Griffith wrestled alongside football. He was an All-American and team captain in 2018. That year, he also was named Portsmouth High School’s Most Valuable Player and Seacoast Wrestler of the Year, won the Division II state championship, and placed second at the New Hampshire Meet of Champions, fourth at the New England Wrestling Championship, and seventh at the NHSCA Virginia Beach Nationals.

==College career==
=== Harvard ===
As a freshman in 2021, Griffith notched 31 tackles with 10.5 being for a loss, five sacks, and a forced fumble. In 2022, he made ten starts for Harvard, totaling 46 tackles with 12 being for a loss, and five sacks, earning first-team all-Ivy League honors. In 2023, Griffith tallied 55 tackles with 11 going for a loss along with three and a half sacks and again earned first-team all-Ivy League recognition. After the season, he entered his name into the NCAA transfer portal.
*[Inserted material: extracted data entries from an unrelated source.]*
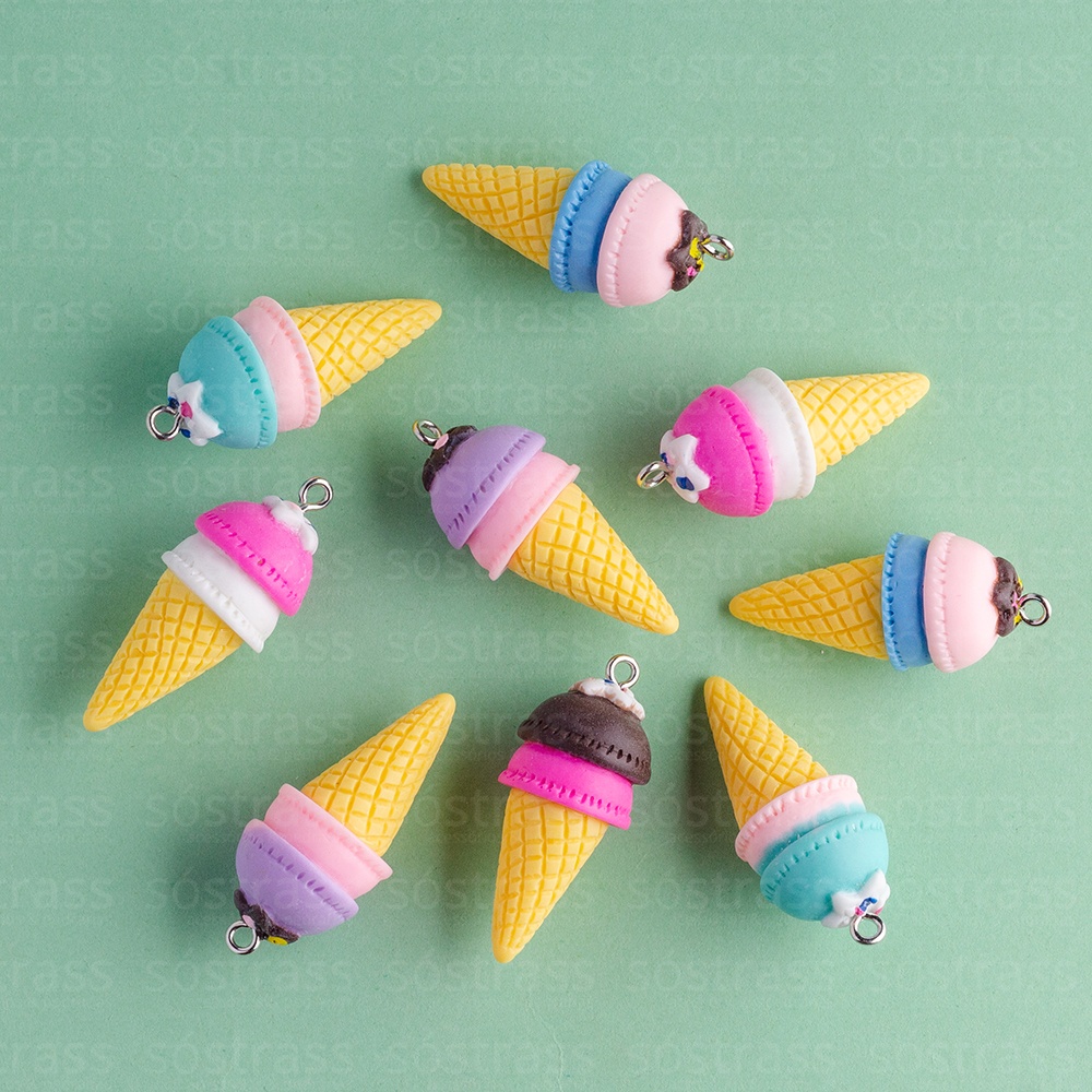 Pingente Sorvete Casquinha 15x34mm Candy Colours. Embalagem com 10 unidades
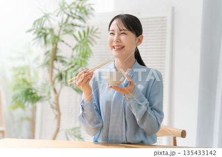 ご飯を食べる女性
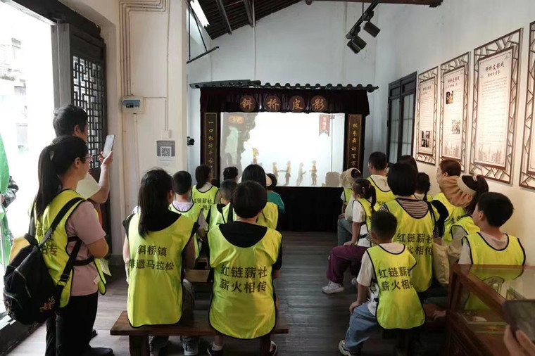在斜桥火车站,大家游览了斜桥火车站红色遗址,共同感受这座百年老站的峥嵘岁月;在斜桥皮影戏体验馆,听着讲解了解皮影戏的发展、制作技艺等,还观看了皮影表演;在斜桥剪纸馆,大家欣赏了剪纸作品,亲自体验了一把斜桥剪纸;在斜桥名人馆,大家了解了米谷、朱淑真等诞生于斜桥的历史名人故事。50组家庭一路听一路看,近距离感受了斜桥古镇魅力,感受斜桥非遗之美。
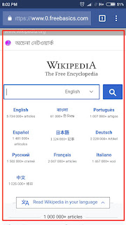 গুগল, ফেসবুক, টুইটার, ইনস্টাগ্রাম, লিংকডইন, ইয়াহু ছাড়াও বিশ্বতথ্যকোষ উইকিপিডিয়াও এখন ফ্রিব্যাসিক্সের মাধ্যমে ইউস করতে পারবেন। ফ্রি উইকিপিডিয়া চালাতে ফ্রিব্যাসিক্স সাইটের হোমপেজের জনপ্রিয় লেভেলের নিচের Wikipedia লেখা বা আইকনটিতে ক্লিক করুন। অথবা এই https://www.0.freebasics.com/https/www.wikipedia.org/ লিংকে ক্লিক করুন বা কপি করে ব্রাউজারের সার্চবারে পেস্ট করে সার্চ করুন।
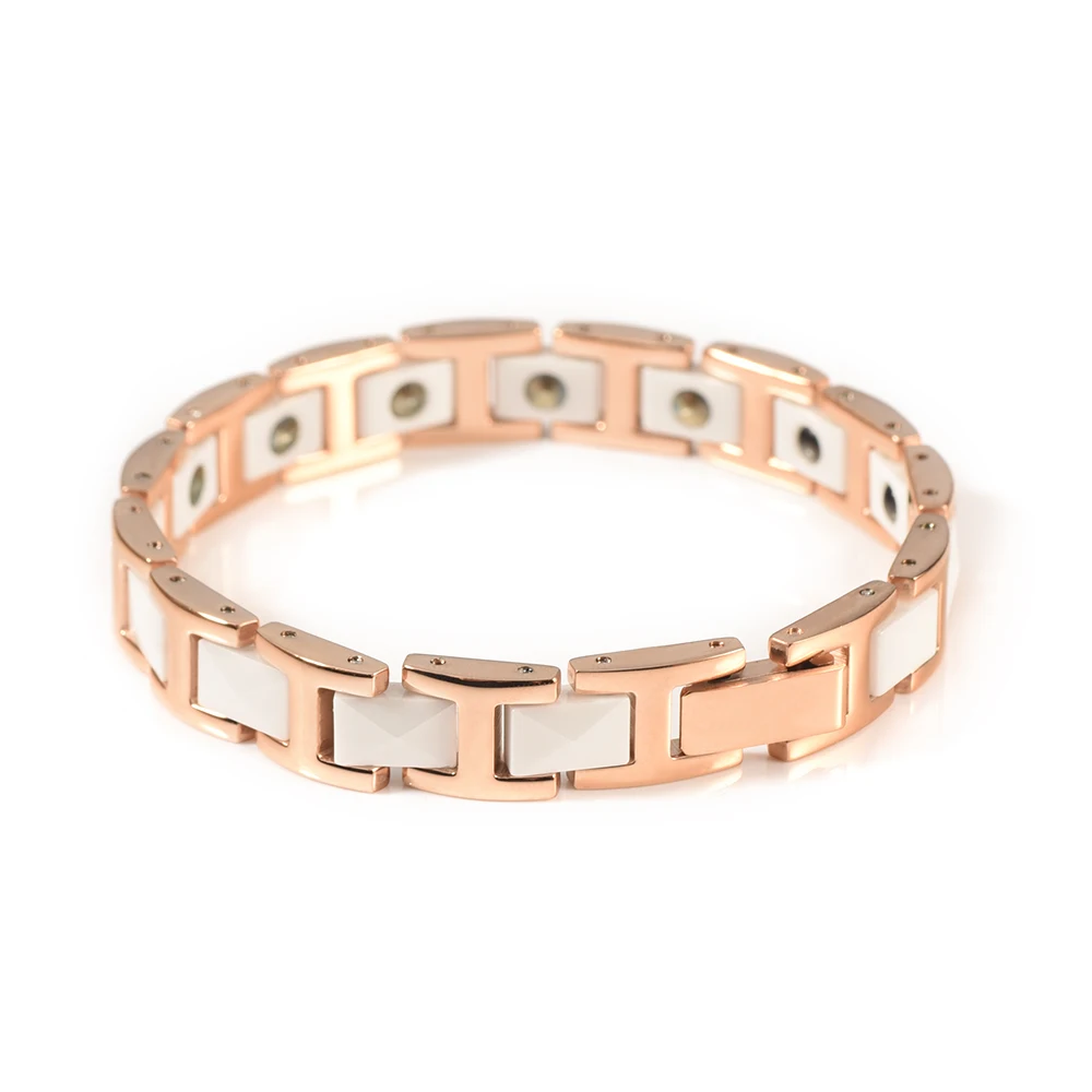 Related Product for Wollet Jewelry 99.999% Germanium Hematite Magnetic White Ceramic Bracelet for Women Rose Gold Color
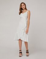 This elegant striped dress. with its flowing cut and ruffle detail at the hem. showcases alluring femininity. making it easy to look youthful and stylish for the new season.
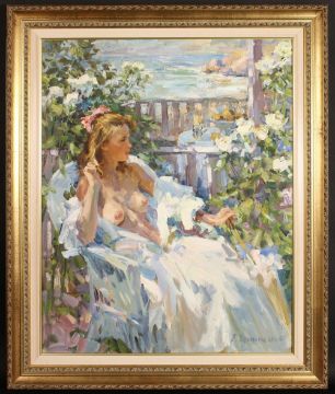 Viktor Yefimenko (b.1952) Russian, 'On The Veranda', signed oil on canvas 32" x 25.5", 81x65cm.
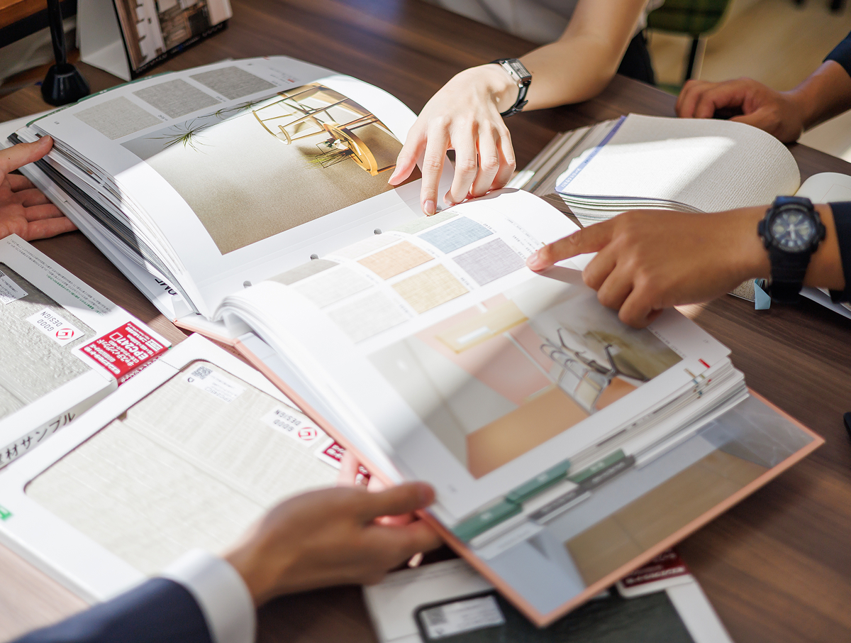 最初のヒアリングから引き渡しまで専属の設計士が一貫して担当します。過去と今、そして将来のお話をお聞きしながら、素材の質感、窓の高さ、光の入り方、生活動線といった細部まで調整し、理想の暮らしの最適解を、経験豊富な設計士がプランとして描きます。
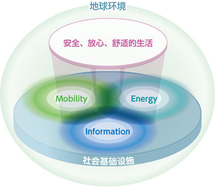 古河电工集团将着眼于2030年,以“保护地球环境”、“实现安全、放心、舒适的生活”为目标,创建融合Information、Energy、Mobility 的社会基础设施。
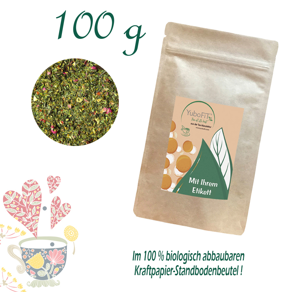 Marken-Tee aus der YuboFiT® Teemanufaktur. Artikelnummer: HLS991001-12 Verpackung: Standbodenbeutel Big, Kraftpapier, aluminiumfrei, Inhalt 100 g
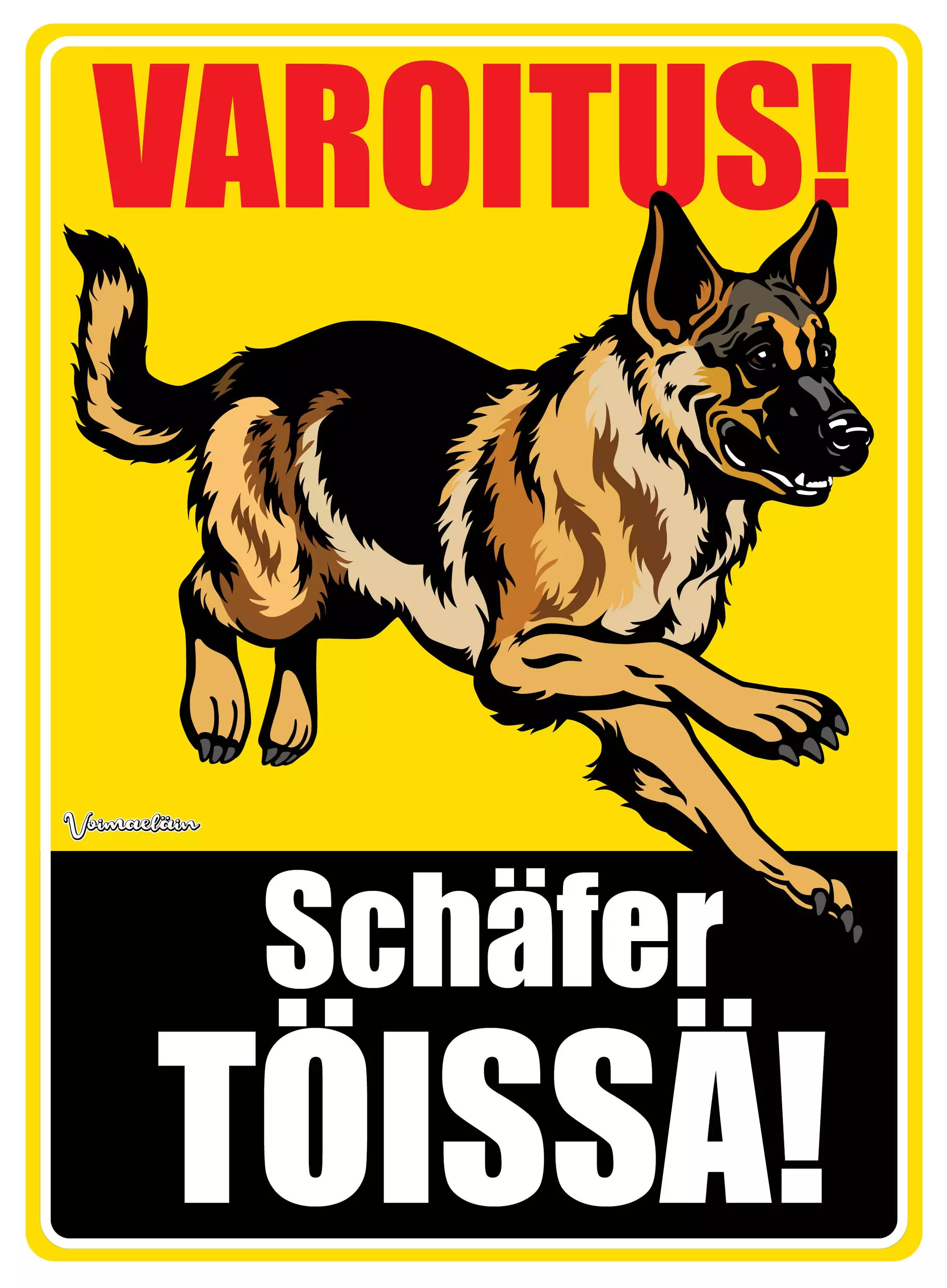 Kyltti Varoitus! Schäfer töissä!
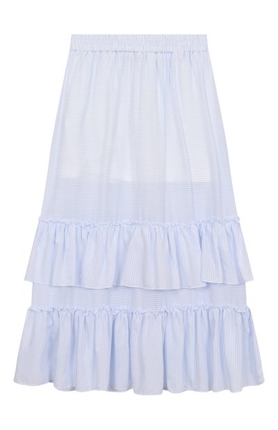 Юбку Celfie с широкой оборкой на низе выполнили из сетчатого тюля. Модель с хлопковым подкладом и плотным поясом застегивается пуговицами сзади.

Griffith finished his career at Harvard playing in 30 games where he finished with 132 tackles with 33.5 being for a loss, and 13.5 sacks.

Griffith's personal records include a 40-yard dash time of 4.95 seconds and bench-pressing 225 pounds 45 times.

=== Louisville ===
Griffith transferred to play for the Louisville Cardinals.

Griffith was named to Bruce Feldman's of The Athletic top 100 "freaks" list in college football in 2023. He was named to the list for a second straight time in 2024.

==Professional career==

Pre-draft measurables
| Height | Weight | 20-yard shuttle | Bench press |
| 6 ft 1+3⁄4 in (1.87 m) | 305 lb (138 kg) | 4.84 s | 42 reps |
All values from Pro Day

===Seattle Seahawks===
On July 29, 2025, Griffith signed with the Seattle Seahawks after not being selected in the 2025 NFL draft. On July 31, he was waived by the Seahawks.

===Saskatchewan Roughriders===
On April 27, 2026, Griffith signed with the Saskatchewan Roughriders of the Canadian Football League (CFL). He was released on May 13.